Varcando fossi e vigne all'impazzata Si varca un fiume, si entra in un canale come in Maremma alla caccia al cinghiale. 23 Appena quello scende noi si sale già l'avanguardia fa le fucilate il nemico scappa è naturale, ma si rivolta con le fucilate Sopra di noi facea un fuoco infernale più qua e più là scoppiavan le granate L'una dopo l'altra ci picchiavano accanto tra fuoco e fumo copria tutto quanto. 24 La testa alzavo allor di tanto in tanto Per conoscere l'effetto dl cannone Scorsi una casa, un campanile accanto Che era sepolto da un gran polverone Era scoppiata una granata accanto Sopra a un tetto, su nel cornicione Di un bel palazzo che nel centro stava Fortuna che nessuno l'abitava. 25 Per caso della gente passeggiava.
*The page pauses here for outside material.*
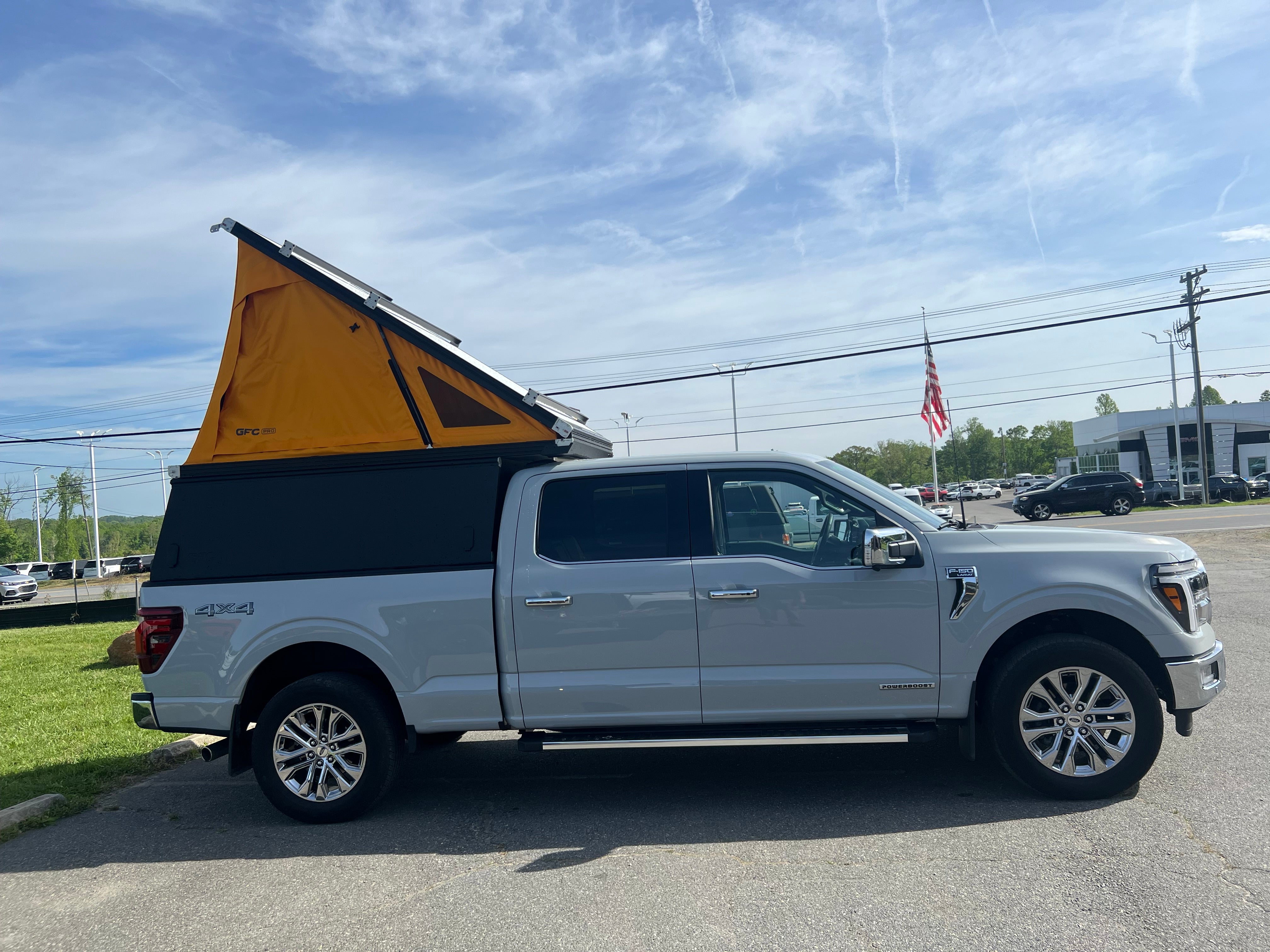 This 2023 GMC Sierra is outfitted with a GFC Platform Camper with Black panels and a Stone Grey tent. Check out more build specs below.

Nei pressi di quel luogo disgraziato Dove più la mitraglia grandinava Tanto sui tetti come nel selciato Un povero barbiere che se ne stava Con altra gente presso un porticato Arriva all'improvviso una granata Tutta la gente fu terrorizzata. 26 Certo la peggio sorte fu toccate Al povero barbiere che fu colpito Da una di quelle scheggie di granata Che si scagliò scoppiando in quel granito. Tutta la testa sua fu fracassata E anche in altri posto fu ferito Fra il dolore degli astanti, la famiglia al pianto La sera fu portato al camposanto. 27 Siamo arrivati, a Borgo, dopo tanto Un bel paese, pure un po' elegante E' circondato da un bel verde manto Quasi nascosto in mezzo alle piante C'è una catena di montagne accanto


Fabbriche d'ogni specie ce n'è tante Ma or si trovano in tristi condizioni Perché si trovano in mira dei cannoni. 28 Il nemico non ha punta compassione Né delle donne né degli innocenti Che spesso ne massacra col cannone E tanti cuori li fa star dolenti. L'artiglieria nemica è in posizione Lancia granata giù tutti i momenti Chi si spaventa, e chi riman ferito E chi nel cimitero vien seppellito. 29 Vorrei spiegarvi tutto a dito a dito Di ciò che 'in questi posti ora succede Ma ora 'non posso e qui 'faccio 'finito Lasciando in altro tempo il passo al piede Invio a tutti un saluto infinito E spero che tutti l'accetterete con fede Alla famiglia, ai parenti e amici Sperando di vederci un dì felici.